Edit: Most of the methods used to prove inequalities of complexity classes (e.g. diagonalization in the proof of the space and time hierarchy theorems) work even if the model of computation is changed to allow for one bit of computation to become "free" (i.e. if the Turing machine can access an oracle). The fact that such standard "relativizing" methods cannot suffice (by this theorem) to prove either $P=NP$ or its negation is taken as evidence that $P=NP$ is a nontrivial, serious question. The same is true for $NP$ versus $coNP$. Incidentally, it is true that $P^A \neq NP^A$ relative to a random oracle (where "random oracle" means that membership of any string in $A$ is decided randomly) with probability 1,* though this does not mean that $P \neq NP$.
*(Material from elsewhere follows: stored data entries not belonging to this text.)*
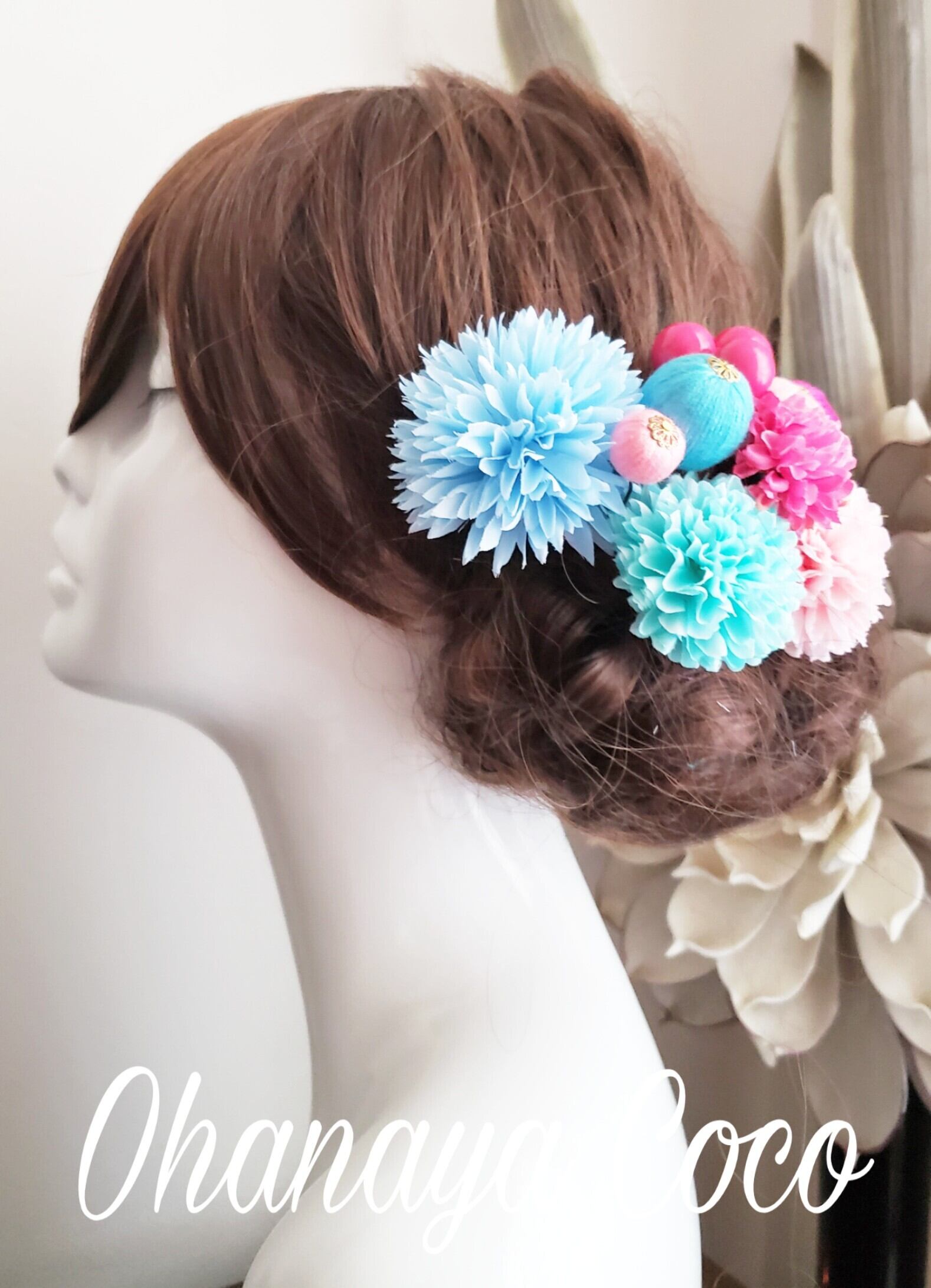 #和装 #造花 #成人式 #袴髪飾り #卒業式 #髪飾りオーダー #浴衣 #大人可愛い #和モダン #和風レトロ #シンプル #シンプル髪飾り #花火大会髪飾り#お祭りヘア #和装ウェディング #花嫁髪飾り #結納髪飾り #振袖髪飾り #ヘッドドレス #椿髪飾り #小さめ #糸ボール #カラフル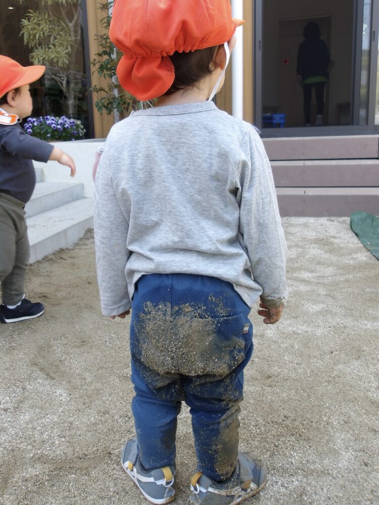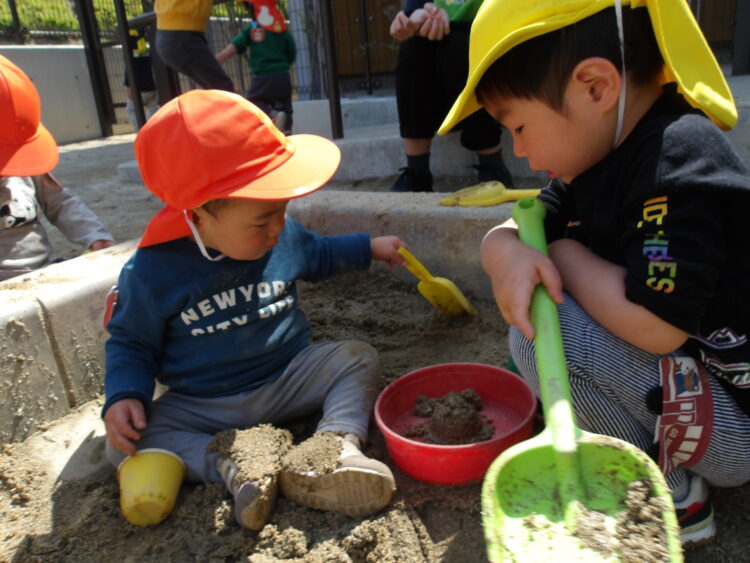みんなが大好きな砂場はまだ少し水を含んでいます。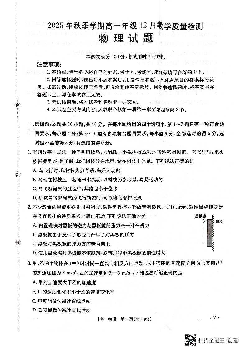 高一物理--广西壮族自治区贵港市、桂林市2025-2026学年高一上学期12月月考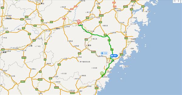 方案三:京福线公路、温瑞大道公路、温寿线公路,用时7小时14分钟,共310公里。(不走高速,不用过路费)
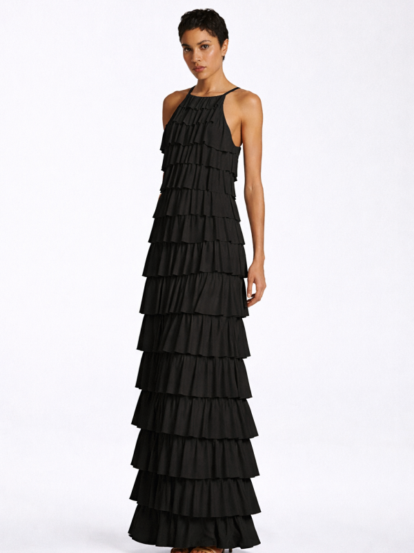 Φόρεμα μάξι halter με βολάν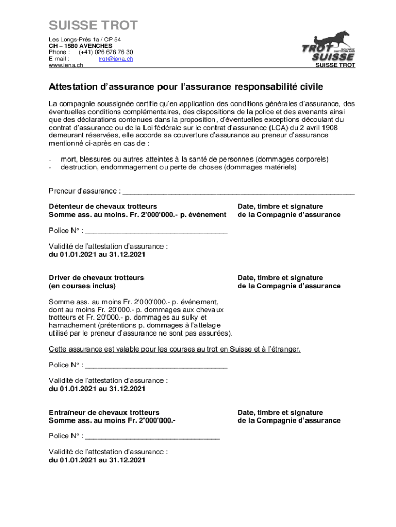 SWISS TROT Les Longer 1a / CP 54 CH 1580 AGENCIES Phone : (+41) 026 676 76 30 Email : trot@iena.ch www.iena.chSUISSE TROTAttestation assurance pour assurance responsibility civil La companies Poussin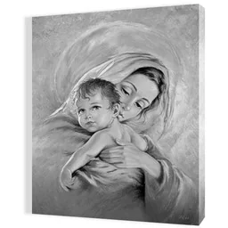 Obraz religijny na płótnie Matka Boża z Dzieciątkiem Jezus Obraz religijny na wysokiej jakości płótnie z wizerunkiem Najświętszej Maryi Panny z Dzieciątkiem Jezus. Produkt dostępny w czterech rozmiarach: 30x40 cm, 35x50cm, 40x60cm, 50x70cm. Obrazy Świętej Rodziny, Świętej Rity, Świętej Faustyny i wiele innych wizerunków Obrazy religijne to wspaniałej jakości dzieła sakralne, przedstawiające różnego rodzaju sceny powiązane z Biblią oraz wizerunki Świętej Rodziny i Świętych i Błogosławionych. Dostępne w naszej ofercie obrazy religijne na płótnie cechują się estetycznym wykonaniem, wspaniałą gamą kolorystyczną, ostrością detali i wyjątkową kompozycją.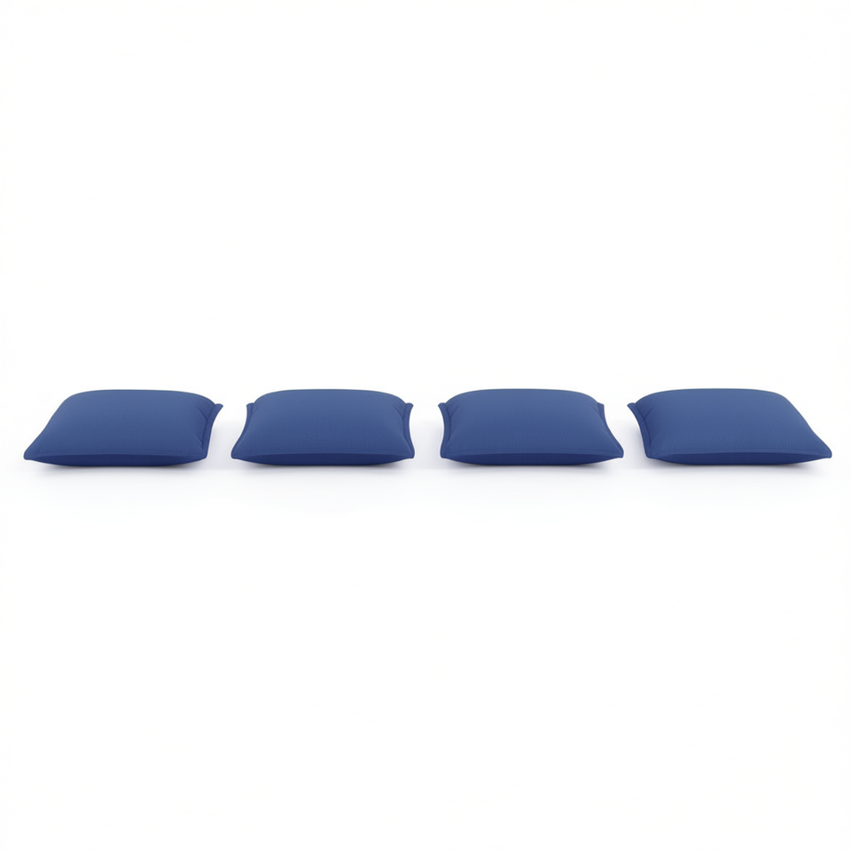 ชุดเบาะเก้าอี้กลางแจ้งผ้าอ็อกซ์ฟอร์ดสีน้ำเงิน ชุด 4 ชิ้น ทรงสี่เหลี่ยม กันน้ำ ถอดซักได้ ไส้ใยโพลีเอสเตอร์ 100%

An example of a nonrelativizing method is the arithmetization of boolean formula (which converts a boolean formula to a polynomial which is nonzero at an assignment of the variables to zeros and ones iff the formula is satisfiable with those as the corresponding inputs), used in the proof of Shamir's theorem that $IP=PSPACE$, a fact not true relative to arbitrary oracles.

*The probability has to be zero or one by Kolmogorov's zero-one law, incidentally.

There is a very interesting discussion of the Baker-Gill-Soloway theorem on Terence Tao's blog, here.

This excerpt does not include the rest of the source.